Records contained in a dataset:
━━━
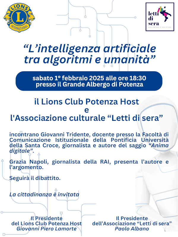 L’evento è organizzato dal Lions Club Potenza Host e dall’Associazione culturale “Letti di sera”, nell’ambito del Tema di studio nazionale “Lionismo 5.0. Intelligenza artificiale, rischi ed opportunità”.
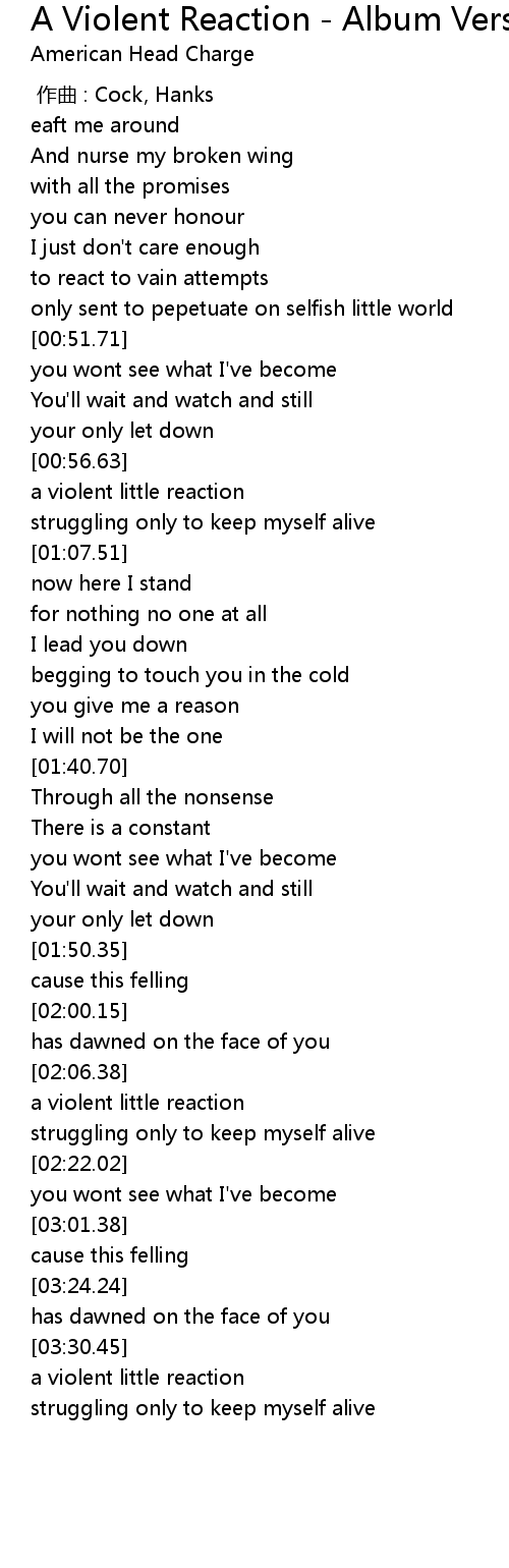 | Song | A Violent Reaction - Album Version (Explicit) |
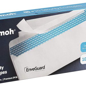 40 sobres autoadhesivos tintados de seguridad n.° 10, sin ventana, EnveGuard, tamaño 4-1/8 x 9-1/2 pulgadas, blanco, 24 libras, 40 unidades (34140)
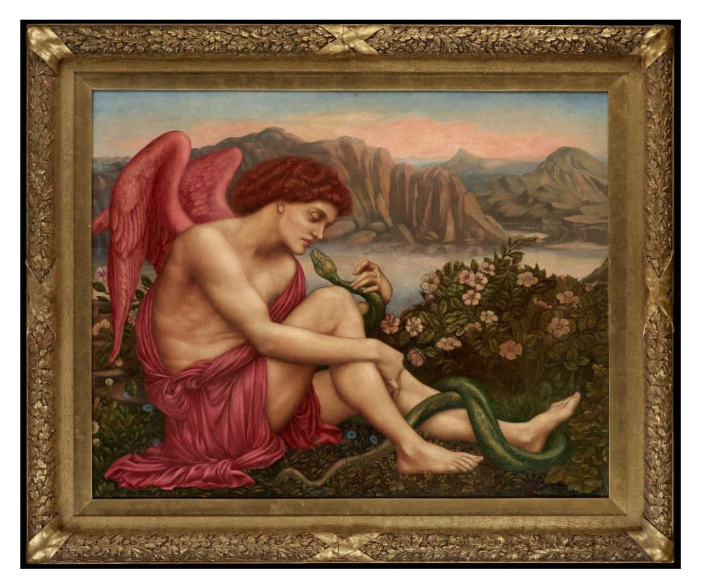 Evelyn De Morgan (1855-1919), The angel with the serpent, c. 1873-75, o/c, 35 x 44 ins (89 x 112 cm.), Martin Beisly Fine Art
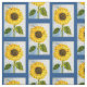 Bright yellow Sunflowers are framed in blue. A happy and colourful fabric for decorating your home and making fun accessories. Original painting and design by Jan Law, international artist
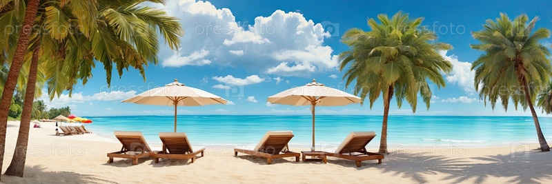 Пляжная релаксация, минимальное количество людей, легкие шезлонги, яркое солнце, реклама отдыха в курортах, туры, профилактика ожогов, использование баннеров
━━━
* [Try it]: Would you restate the records above word for word and exclude the pictures?

* [Exercise result]:
 L’evento è organizzato dal Lions Club Potenza Host e dall’Associazione culturale “Letti di sera”, nell’ambito del Tema di studio nazionale “Lionismo 5.0. Intelligenza artificiale, rischi ed opportunità”.
 | Song | A Violent Reaction - Album Version (Explicit) |
 40 sobres autoadhesivos tintados de seguridad n.° 10, sin ventana, EnveGuard, tamaño 4-1/8 x 9-1/2 pulgadas, blanco, 24 libras, 40 unidades (34140)
 Evelyn De Morgan (1855-1919), The angel with the serpent, c. 1873-75, o/c, 35 x 44 ins (89 x 112 cm.), Martin Beisly Fine Art
 Bright yellow Sunflowers are framed in blue. A happy and colourful fabric for decorating your home and making fun accessories. Original painting and design by Jan Law, international artist
 Пляжная релаксация, минимальное количество людей, легкие шезлонги, яркое солнце, реклама отдыха в курортах, туры, профилактика ожогов, использование баннеров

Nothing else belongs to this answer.